In general, the ZPCCC process proceeds as follow:

• • 1. The parts, or substrates, to be coated, are immersed in a solution that contains soluble zinc-phosphates (or soluble phosphates of iron, nickel, or manganese).
  • 2. The solution reacts with a base metal, and as result an insoluble layer of phosphate crystals is created on the part's surface. The rate of reaction of this process, and the properties of the created layer depend on: the concentrations of the free and bonded Phosphoric Acid; the concentration of the metal ions; the temperature and the acidity of the solution.

The coating application processes are similar for the various types of phosphate solutions. Relatively small substrates are loaded into special immersion baskets, or rotated drums, and immersed in the phosphate solution baths. They are immersed for a set dwelling time, and then transferred to rinsing baths. (Several baths, containing different solutions are sometimes required.) The coated parts/substrates are then dried. Large substrates may often be immersed as they are.

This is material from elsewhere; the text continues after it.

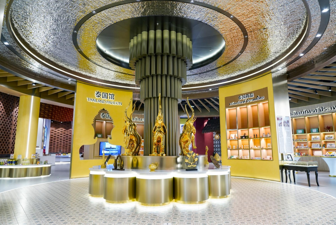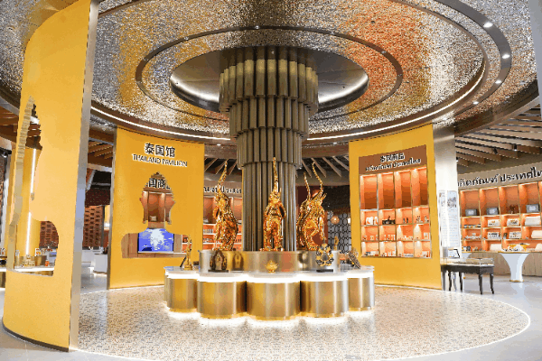 泰國素有“千佛之國”“白象王國”等美稱,匯聚中心泰國館的設計就巧妙融入了經(jīng)典的蓮花、佛像、大象等元素。
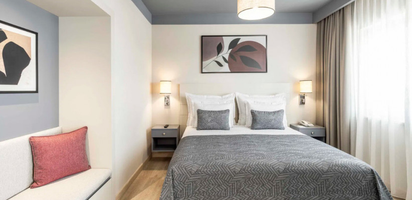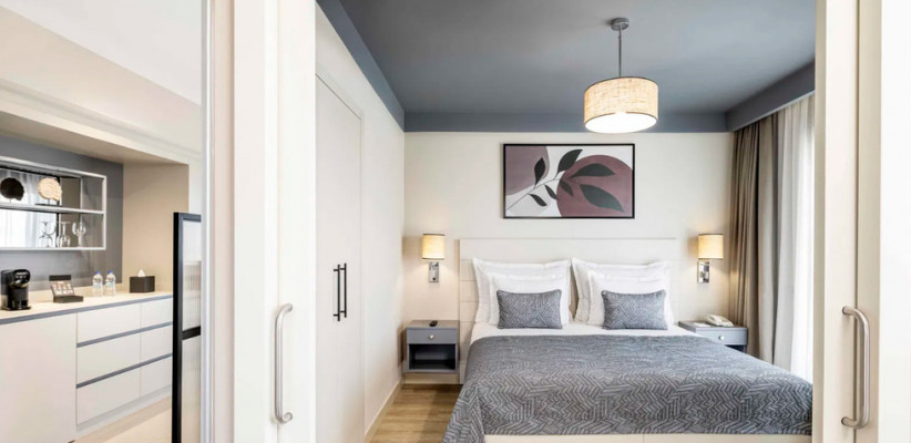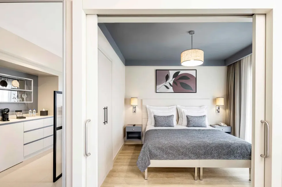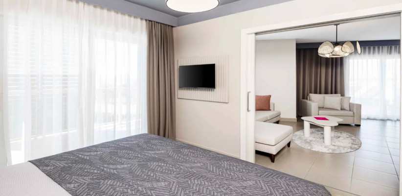 40 м2, спальня с двуспальной кроватью размера king-size или с двумя односпальными кроватями. Максимальное количество гостей: 2.Deluxe Suite Sea View

Another popular phosphate coating method is spraying the parts, with a spray solution taken from the phosphate solution tank, to coat them.

There are a number of serious technical problems associated with the aforementioned coating application processes. The attempts to solve these problems, to date, involve: the addition of complex equipment; the addition of manpower to operate and maintain the complex equipment; and emission control of toxic waste byproducts.

The coating process problems include the following:

• • Applying uniform ZPCCC thickness on all areas of the substrate.
  • Maintaining long-term bath solution reactivity.
  • Controlling toxic material emissions.
  • Removing precipitates from the coating immersion bath.
  • Increasing the process cost, due to the addition of expensive process control components.
  • Maintaining phosphate coating crystal size stability

Applying uniform ZPCCC thickness on all areas of the substrates requires transferring fresh solution to all surfaces of the part. To date, movable or rotated immersion baskets are used. Alternatively, phosphate solution spraying is used.

Maintaining long-term bath solution reactivity is difficult. Since all the base metals react, to varying degrees, with the phosphate solution, they reduce the ZPCCC reaction rate. Some of the base metals, such as Aluminum, significantly reduce the ZPCCC thickness. To minimize these negative effects often requires the addition of toxic materials, such as Fluorine, whose products must later be dealt with. Solution temperature and acidity control becomes critical.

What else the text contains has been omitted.